Robb allait le détester, il allait avoir cette haine inconsolable pour Matthieu après le coup foiré qu'il venait de faire, en toute âme et conscience, sans même éprouver aucun regret. C'était un des traits obscurs du professeur, il était possessif à sa manière et voir ses conquêtes aller ailleurs le dérangeait fortement ; en soit, c'était une pensée assez paradoxale qu'il avait car il ne se voyait pas en couple avec elles, pas forcément, pas à un instant t, mais ils les voulaient pour lui, ils les voulaient rien qu'à lui. Égocentrique, narcissique, que cachait-il d'autre ? Pas grand chose, il fonctionnait comme cela, il avait été élevé dans cette bourgeoisie malsaine où possession, domination et pouvoir avaient été les mots-clefs, et bien qu'il détestait ce monde-ci, celui de sa naissance, il avait grandi en son sein, il portait et possédait les marques. Pour lui, Robb, le cher et tendre Robb, lui apparait, mais c'était juste pour ce soir, parce qu'il l'avait vu alors il le voulait pour lui, rien que pour lui, sans se poser de question et c'était pour ce soir, pas pour hier ni pour le lendemain, c'était pour ce soir. Les non, il ne les prenait pas. Parce qu'il savait et il avait la certitude qu'à la fin, Robb dira oui, quoiqu'il en coûte et même s'il fallait essuyer des barrières, Matthieu était prêt à se battre jusqu'au bout pour le décrocher, ce petit oui qui sortirait de la bouche de Robb.

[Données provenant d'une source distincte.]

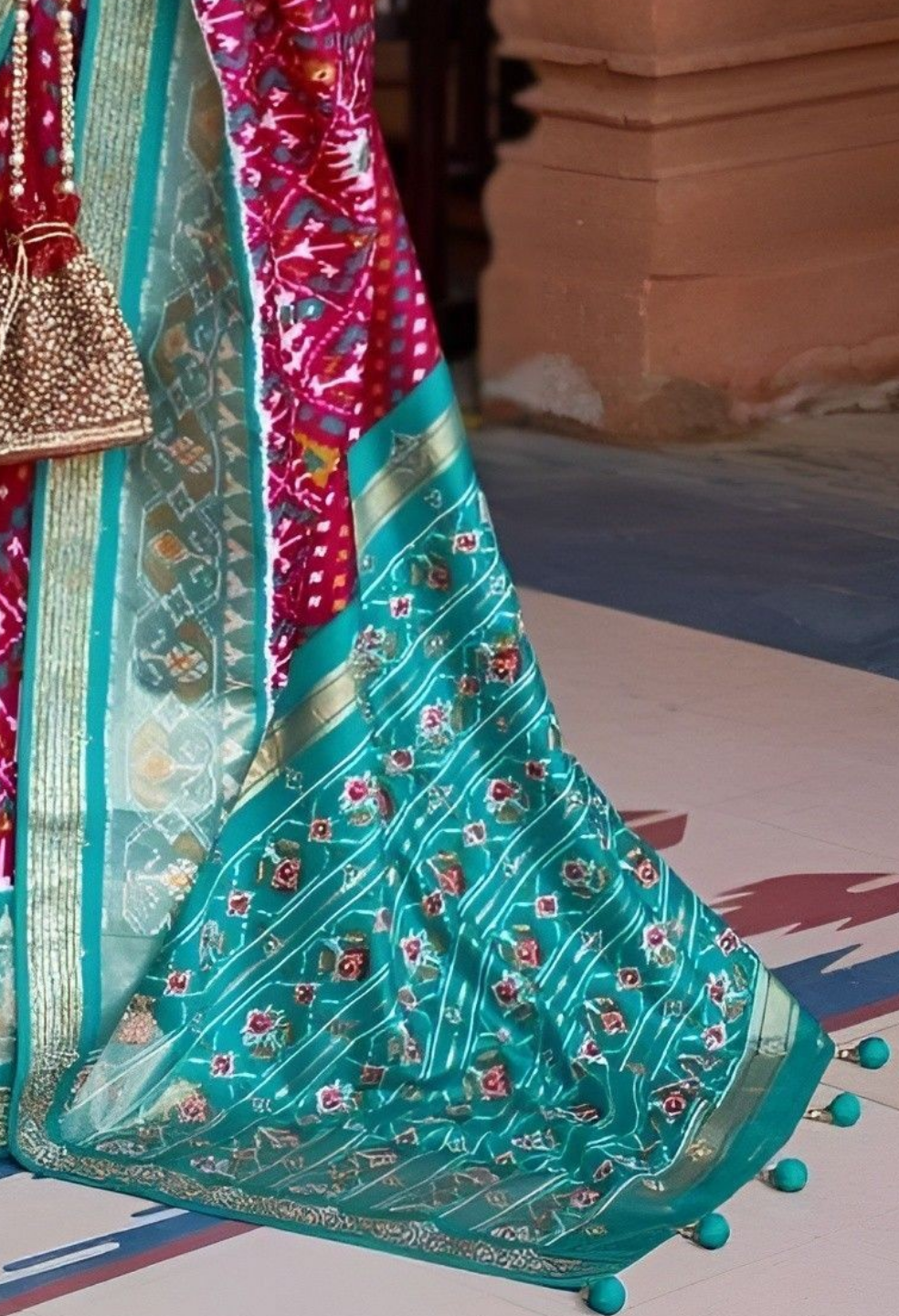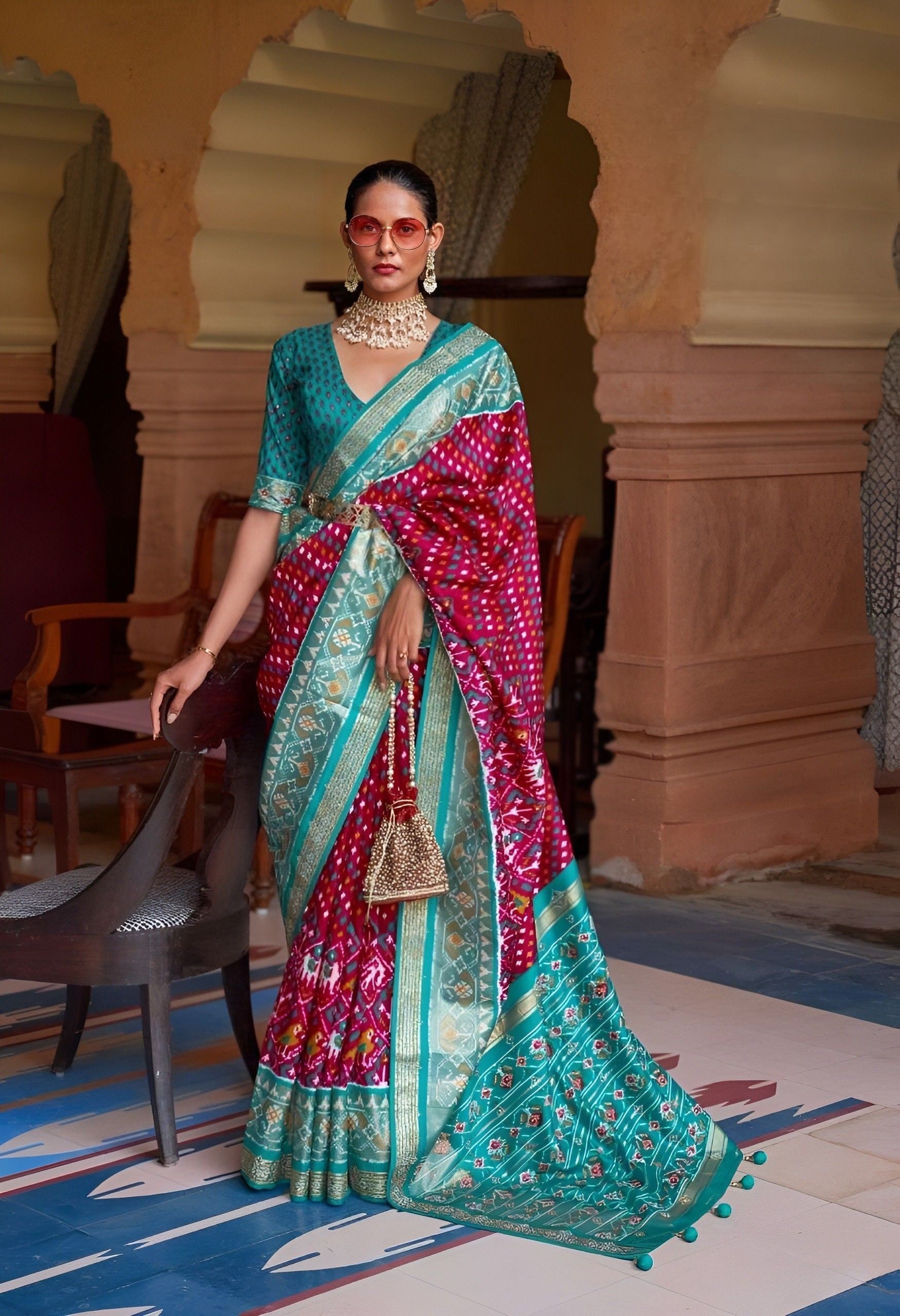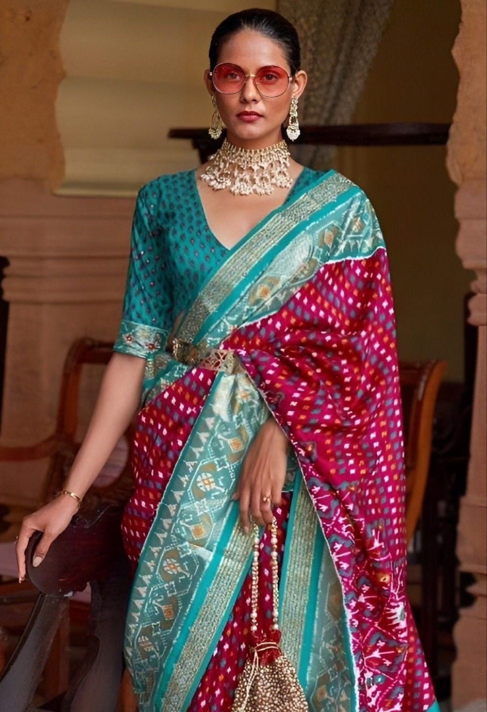 EKKTARA Saree For Women Pink Colour Soft Silk Printed Patola Saree With Unstitched Blouse
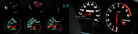 33にもLED基盤仕様のメーターが登場。メインおよび三連があります。電球交換よりクッキリ見えます。照度調整機能あり。詳細はお問い合わせください。
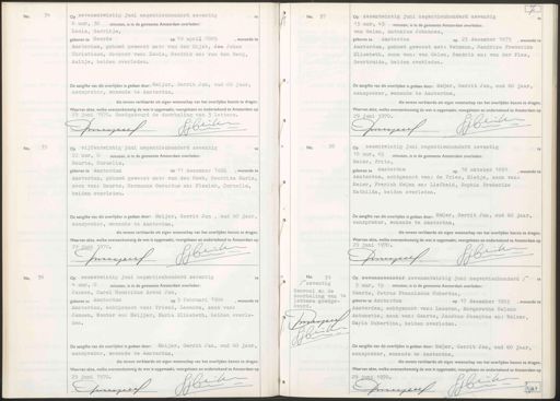 34 No. Op zevenentwintig juni negentienhonderd zeventig te 6 uur, 30 minuten, is in de gemeente Amsterdam overleden: Loois, Gerritje, geboren te Heerde op 19 april 1885, wonende te Amsterdam, gehuwd geweest met: van der Rijst, Jea Johan Christiaan, dochter van: Loois, Hendrik en: van den Berg, Aaltje, beiden overleden. De aangifte van dit overlijden is gedaan door: Meijer, Gerrit Jan, oud 60 jaar, aanspreker, wonende te Amsterdam, die tevens verklaarde uit eigen wetenschap van het overlijden kennis te dragen. Waarvan akte, welke overeenkomstig de wet is opgemaakt, voorgelezen en ondertekend te Amsterdam op 29 juni 1970. Goedgekeurd de doorhaling van 3 letters. u Gb pregec No. 37 Op zesentwintig juni negentienhonderd zeventig 13 uur, 45 minuten, is in de gemeente Amsterdam overleden: van Galen, Antonius Johannes, geboren te Amsterdam op 23 december 1875, wonende te Amsterdam, gehuwd geweest met: Wehmann, Hendrika Frederika Elisabeth, zoon van: van Galen, Hendrik en: van der Plas, Geertruida, beiden overleden. De aangifte van dit overlijden is gedaan door: Meijer, Gerrit Jan, oud 60 jaar, aanspreker,, wonende te Amsterdam, die tevens verklaarde uit eigen wetenschap van het overlijden kennis te dragen Waarvan akte, welke overeenkomstig de wet is opgemaakt, voorgelezen en ondertekend te Amsterdam op 29 juni 1970. ibeiker Sprngecs 80 Op vijfentwintig juni negentienhonderd zeventig te 22 uur, 0 minuten, is in de gemeente Amsterdam overleden: Reurts, Cornelis, op 11 december 1886, wonende te geboren te Amsterdam Amsterdam, gehuwd geweest met: van den Hoek, Hendrika Maria, zoon van: Reurts, Hermanus Gerardus en: Plazier, Cornelia, beiden overleden. De aangifte van dit overlijden is gedaan door: Meijer, Gerrit Jan , oud 60 jaar, aanspreker, wonende te Amsterdam, die tevens verklaarde uit eigen wetenschap van het overlijden kennis te dragen. Waarvan akte, welke overeenkomstig de wet is opgemaakt, voorgelezen en ondertekend te Amsterdam op 19 juni 1970. Gibenk smeyjeus 38 No. Op zesentwintig juni negentienhonderd zeventig
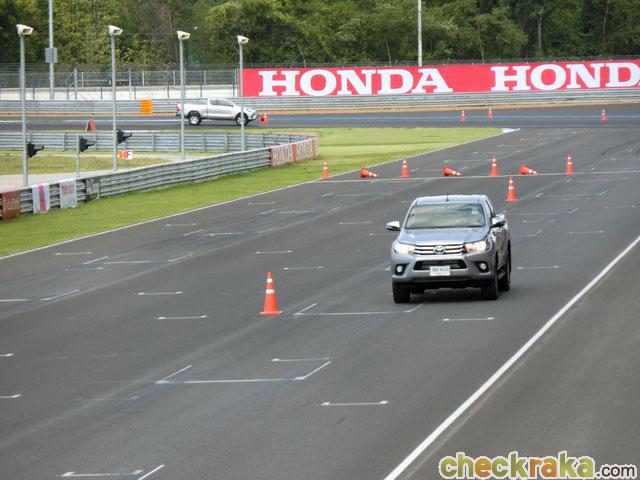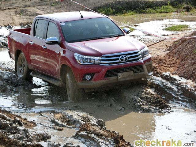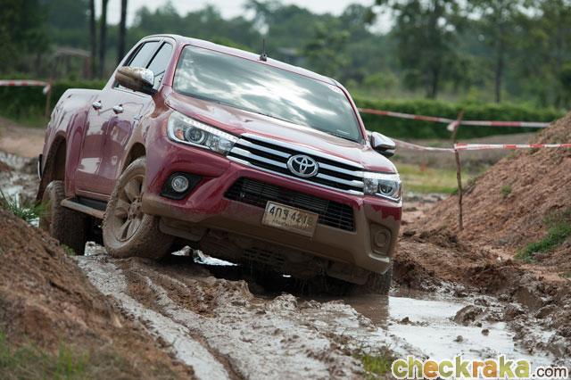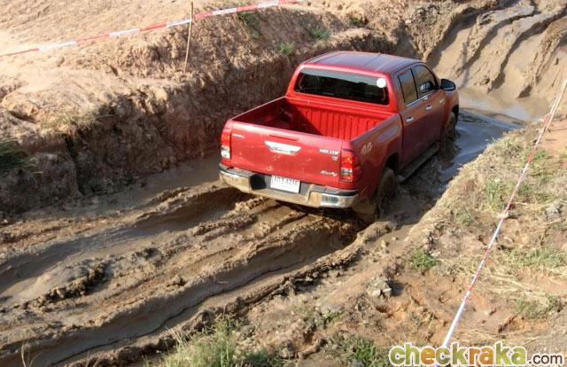 การทดสอบแบบลุยโคลน บ่อน้ำลึก และทางลาดเอียงในสนามจำลองที่จัดขึ้นเพื่อ "ลองของ" เจ้ารีโว่ใหม่ กันแบบดิบๆ ภายใต้คอนเซปต์ "มือใหม่ก็ลุยได้" ไม่ใช้สแตนด์อิน เพราะทางโตโยต้าเปิดโอกาสให้สื่อมวลชนได้ขับด้วยตัวเองคนละ 1 รอบ สนาม และเมื่อมีเวลาเหลือสามารถขอสลับรถรุ่นอื่นๆ ขับได้ด้วย ในครั้งนี้ทีมงานเช็คราคา.คอม "ขอเบิ้ล" โดยรอบแรกในรุ่นดับเบิ้ลแค็บ 4X4 A/T และรอบที่สองในรุ่นดับเบิ้ลแค็บ 4X4 M/T พร้อมผู้ฝึกสอนประกบข้างเช่นเดิมเพื่อแนะนำวิธีการขับที่ถูกต้องและความปลอดภัย รวมทั้งเจ้าหน้าที่ในสนามที่คอยโบกมือให้รถเข้าไลน์ที่ถูกต้อง การขับทดสอบจะใช้โหมด 4X4 ปรับเป็บแบบ H4 และใช้ L4 ในช่วงขึ้น-ลงเนินชันเกินกว่า 30 องศา (โดยประมาณ)
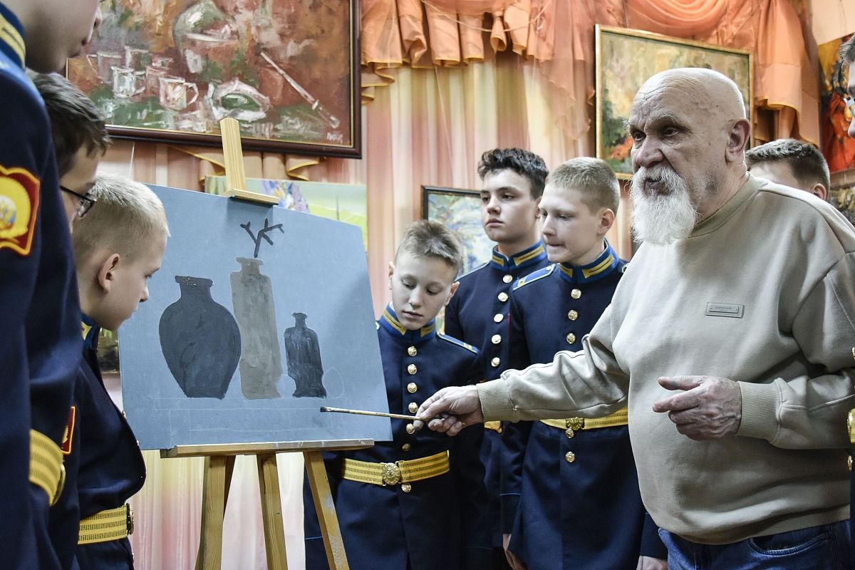 – Нашему сотрудничеству с Президентским кадетским училищем уже 15 лет. Мы воспитываем любовь к родине при помощи приобщения к родной культуре, искусству. Многие курсанты занимаются творчеством в своем учебном заведении, но всегда надо учиться у педагогов высшей школы и общаться с ними. Подобные мероприятия как раз и позволяют ребятам выйти за рамки учебного процесса. Встречи с художниками способствуют раскрытию их творческого потенциала, помогают развитию фантазии, эстетического вкуса, учат находить новые идеи, мыслить нестандартно, – сказал руководитель Центра реабилитации искусством, председатель рабочей группы по доступной, комфортной и безопасной среде Совета при губернаторе Краснодарского края по развитию гражданского общества и правам человека Павел Снаксарев. Сам он, кстати, по образованию – инженер и педагог.
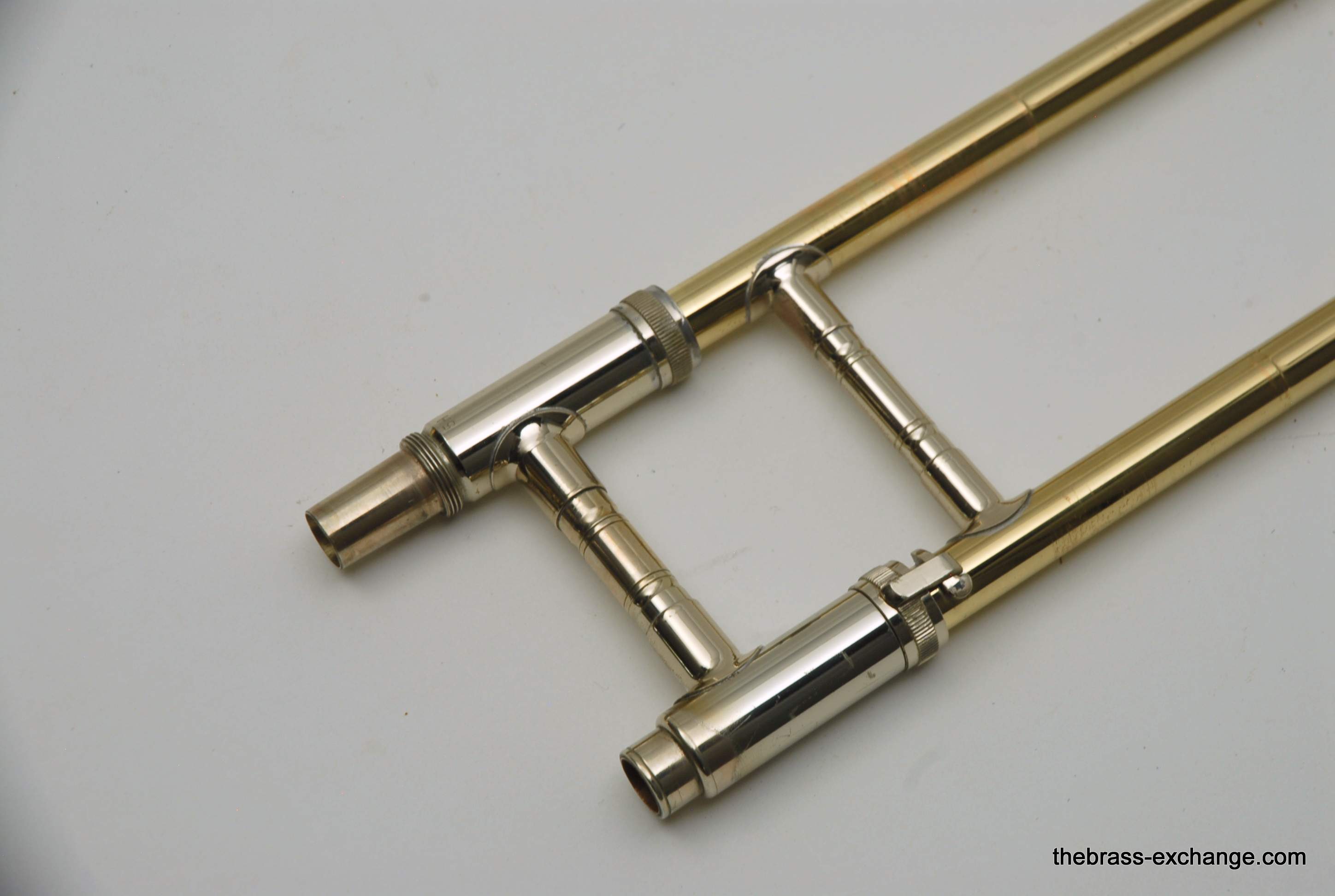 The 5H shares many similarities with the popular 6H model but has a lighter slide, making it easier to maneuver and more comfortable for extended playing sessions. All parts are original, including the lacquer, and the horn has received a full shop once-over. The handslide is in excellent conditionβno plating loss, super straight tubes, and precise alignment. It plays fast and clean.
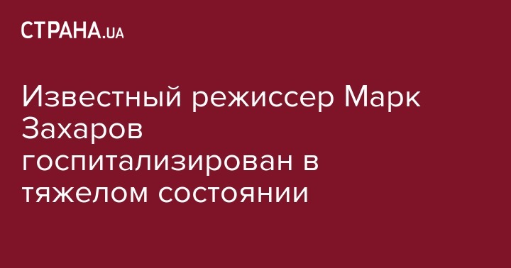 Уточняется, что  Захаров попал в реанимацию в тяжелом состоянии. У него диагностировали двустороннее воспаление легких. По данным издания, режиссер чувствовал недомогание в течение последних нескольких дней, однако отказывался обращаться к врачам. Он попросил оказать медицинскую лишь помощь после того, как у него началась тяжелая одышка.
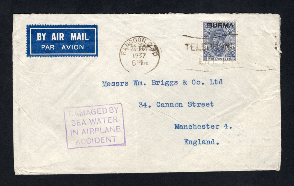 547 CVR   image1937 Rangoon India "Cygnus" Airmail Crash Cover to England, mailed Rangoon on NOV.30.1937 to Manchester, England aboard the "Cygnus" which crashed in Brindisi with mail from India and Australia, with the stewart and one passenger killed. With violet boxed "Damaged by / Sea Water / in Airplane / Accident" handstamp. A very fine cover which still has its Burma overprinted stamp, considering that all the mail had to be salved from salt water.
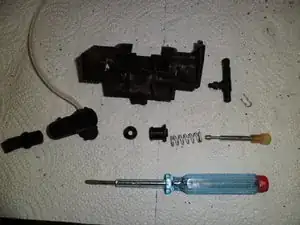 Теперь все детали должны слететь с корпуса клапана. Держите руку над ним, потому что пружина может выскочить.
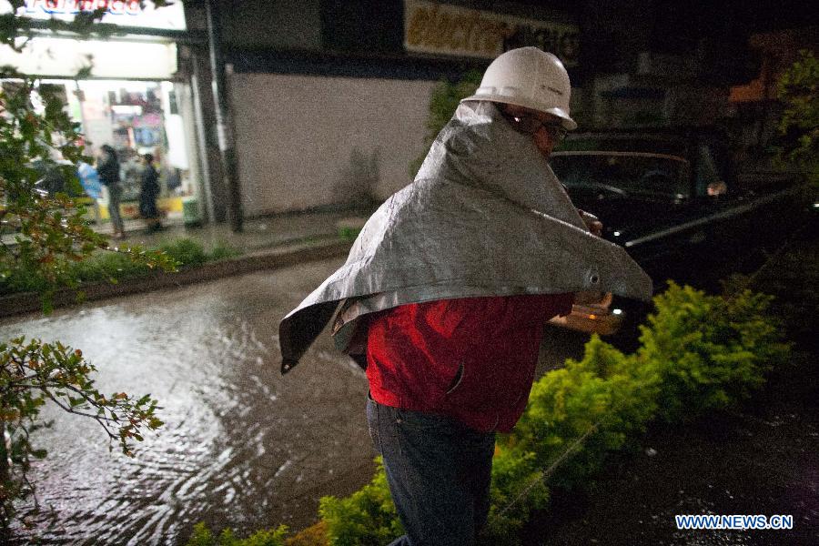 A man protects himself from the rain caused by the hurricane "Patricia" in Ameca, Jalisco state, Mexico, on Oct. 23, 2015. An hour after Hurricane Patricia made landfall Friday evening in the Mexican state of Jalisco, bringing strong winds and heavy rain over the west of the country, it was downgraded to a Category 4 hurricane. (Xinhua/Pedro Mera)
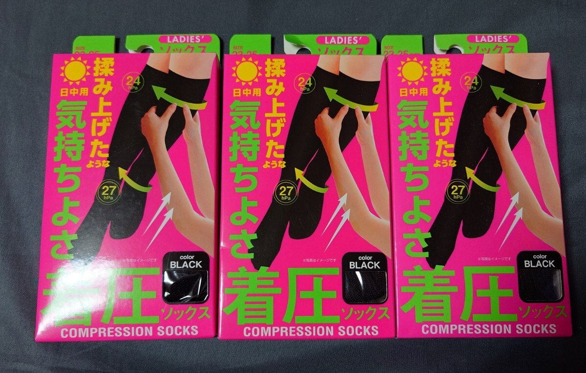 - 着圧ソックス3足組 ハイソックス 黒くつ下 ブラック
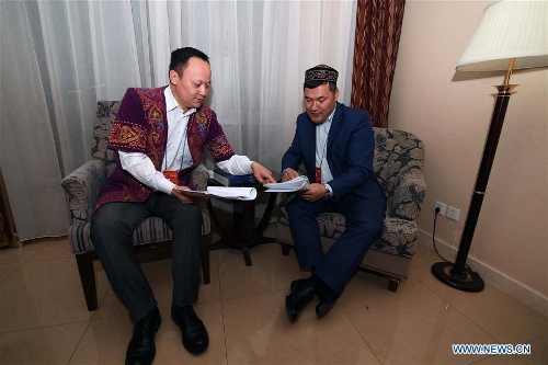 Language service staff members Baowuerjiang (L) and Bieerkenuer discuss the translation of a document in Beijing, capital of China, March 7, 2017. During the ongoing sessions of China's National People's Congress (NPC) and the Chinese People's Political Consultative Conference (CPPCC), translators and interpreters from China Ethnic Languages Translation Bureau provided services in languages of Mongolian, Tibetan, Uygur, Kazak, Korean, Yi and Zhuang ethnic groups to attendees. (Xinhua/Chen Yehua)
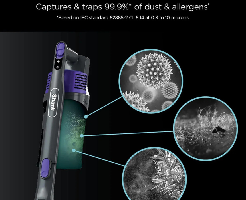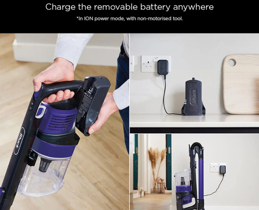 The Shark IZ202UKT stick vacuum offers 40 minutes of runtime, 25.2V power, and anti-hair wrap technology for efficient cleaning on carpets, hard floors, and pet hair. Its lightweight, cordless design allows easy maneuvering and convenient storage. Style it by keeping it charged and accessible for daily cleaning or mounting it on the wall for a sleek, modern look.
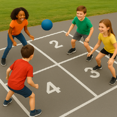 How To Play: The game begins with four players, each one standing in one of the four squares. The rest of the class lines up behind position #4. Player #1 begins play.

Avec un clin d'oeil cinglant, Matthieu dit au revoir à cette belle jeune fille qui partit, l'air abattue et colérique de s'être fait tromper de la sorte par un mec qui aurait voulu seulement de son corps pour cette soirée. La chasse était gardée. Devant ses yeux, il voyait Robb s'enflammer de colère à son égard, le fixant d'un regard assassin et il se demandait même s'il allait lui foutre un poing pour cet outrage. Ce n'est pas grave, le jeu en valait la chandelle et un peu de piment comme assaisonnement ne faisait jamais grand mal. « J'ai pas tout fait foirer, tu m'as moi. » Et cela valait tout l'or du monde, sans aucune prétention de la part du penseur. Le râleur fit sa scène le court de quelques instants et Matthieu, d'un sourire pervers, semblait satisfait du résultat. « J'ai tout ce que t'aimes. » répondit le professeur à l'égard du jeune homme dans une phrase bourrée de sous-entendus et sens équivoques, bien qu'il se référait en premier lieu à l'alcool et à la boisson, car comme l'avait évoqué Robert, c'était seulement cela qui l'importait. « Ouais, j'avoue que tu me fais de l'effet. Désolé que tu sois trop beau. » déclara le professeur, sans aucune fierté, prêt à avouer son désir pour le jeune homme, si cela pouvait assouvir et flatter son égo et la fierté. D'un mouvement de la tête, Matthieu invita Robb à sortir d'ici, la discothèque commençait à craindre et c'était devenu soudainement l'endroit où Matthieu voudrait être en dernier. C'était d'un commun accord qu'ils allaient chez lui et durant la traversée pour aller à sa voiture, Matthieu conservait ce grand sourire sur ses lèvres, signe d'une pré-victoire qui s'annonce plus qu'évidente. Ouvrant la portière à Robb, il tourna de l'autre côté de la voiture, montant à sa place de conducteur et allumant le moteur, prêt à partir d'ici. Il avait certes quelques verres dans son organisme mais ils n'étaient pas assez quantités pour brouiller ses sens. Il n'y avait que dix minutes de route pour aller jusqu'à chez lui et sur le chemin, le professer lâcha un : « Robb, si ça peut te rassurer, t'es pas gay, ni même bi. » Il savait que cette question était sensible pour le jeun homme qui n'assumait pas et ce qu'il venait de dire, il le pensait réellement, il n'était pas gay, ni même bi et coucher avec Robb ne prouvait rien. Il pensait même plus qu'il était Matthieusexuel mais il garda cette pensée pour lui.